(DATA SHOWN)

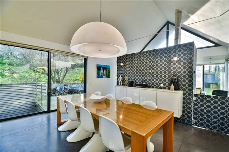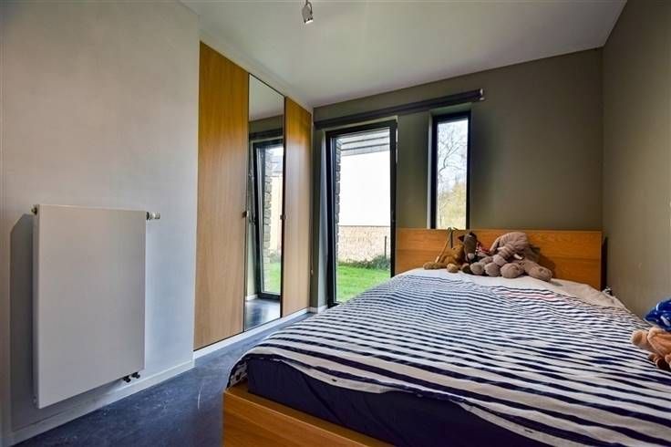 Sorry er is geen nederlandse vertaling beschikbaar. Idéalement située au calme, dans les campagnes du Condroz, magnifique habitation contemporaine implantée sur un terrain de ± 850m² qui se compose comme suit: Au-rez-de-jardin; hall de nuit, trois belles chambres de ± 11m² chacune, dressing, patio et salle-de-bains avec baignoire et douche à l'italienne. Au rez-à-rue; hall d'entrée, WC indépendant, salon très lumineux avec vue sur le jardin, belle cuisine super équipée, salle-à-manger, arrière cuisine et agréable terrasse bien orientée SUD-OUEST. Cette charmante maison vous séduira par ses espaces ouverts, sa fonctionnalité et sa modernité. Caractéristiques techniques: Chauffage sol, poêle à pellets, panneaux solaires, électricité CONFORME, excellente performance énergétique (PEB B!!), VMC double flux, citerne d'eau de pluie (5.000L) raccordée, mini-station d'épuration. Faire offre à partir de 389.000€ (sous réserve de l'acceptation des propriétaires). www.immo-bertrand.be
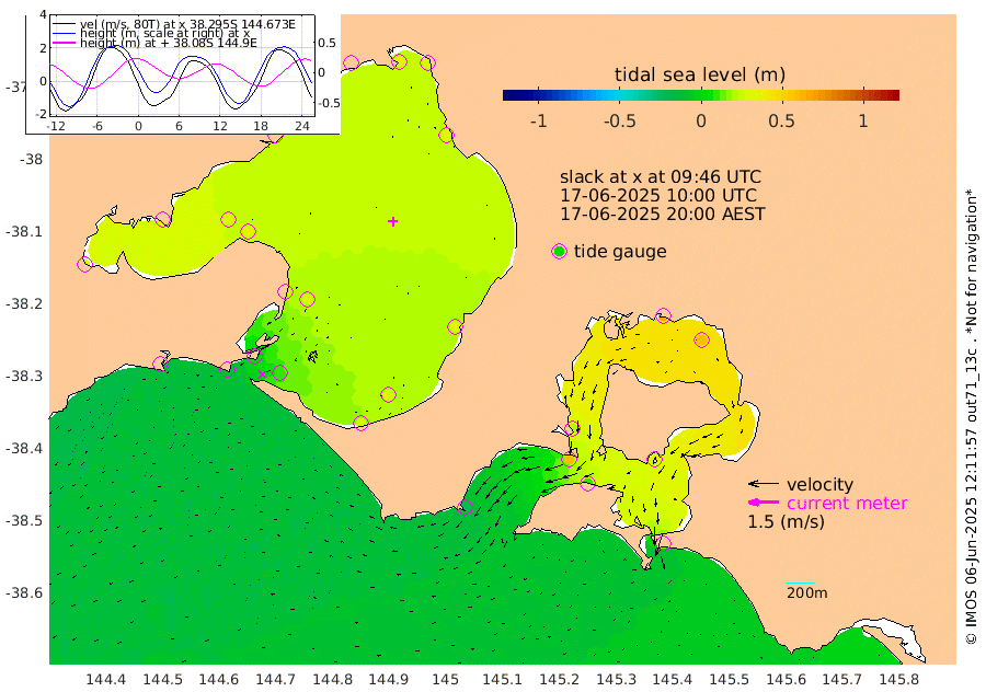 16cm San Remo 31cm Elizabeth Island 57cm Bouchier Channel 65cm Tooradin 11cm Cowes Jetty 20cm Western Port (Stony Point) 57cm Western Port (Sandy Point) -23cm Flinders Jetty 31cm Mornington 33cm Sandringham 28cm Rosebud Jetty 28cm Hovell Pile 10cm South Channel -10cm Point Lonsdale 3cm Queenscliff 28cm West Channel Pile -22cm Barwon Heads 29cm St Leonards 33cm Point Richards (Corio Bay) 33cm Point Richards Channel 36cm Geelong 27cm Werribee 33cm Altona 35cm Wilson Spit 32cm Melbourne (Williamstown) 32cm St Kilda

(End DATA SHOWN)
(DATA SHOWN)

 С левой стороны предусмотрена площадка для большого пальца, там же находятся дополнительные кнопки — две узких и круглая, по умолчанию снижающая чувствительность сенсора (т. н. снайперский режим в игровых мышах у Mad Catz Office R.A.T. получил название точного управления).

(End DATA SHOWN)
(DATA SHOWN)

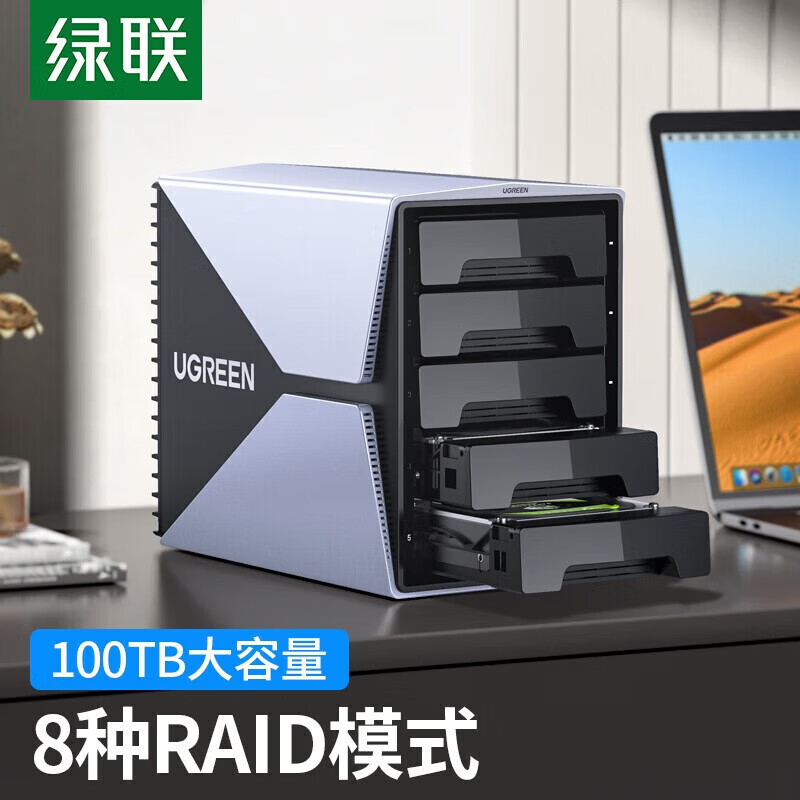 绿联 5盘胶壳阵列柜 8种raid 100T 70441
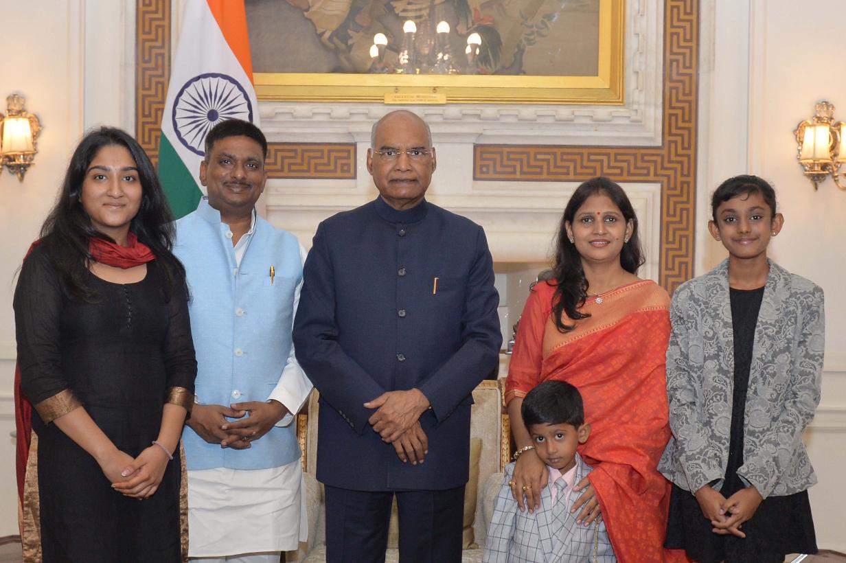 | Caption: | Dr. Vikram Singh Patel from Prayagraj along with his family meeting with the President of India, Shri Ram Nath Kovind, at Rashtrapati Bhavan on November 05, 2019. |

(End DATA SHOWN)

• INSTRUCTIONS FOR THE TASK: Starting at the line above that contains "绿联 5盘胶壳阵列柜 8种raid 100T 70441", transcribe every line exactly through the line that contains "05, 2019. |", including that last one, and skip the pictures.

• TASK RESPONSE:
 绿联 5盘胶壳阵列柜 8种raid 100T 70441
 | Caption: | Dr. Vikram Singh Patel from Prayagraj along with his family meeting with the President of India, Shri Ram Nath Kovind, at Rashtrapati Bhavan on November 05, 2019. |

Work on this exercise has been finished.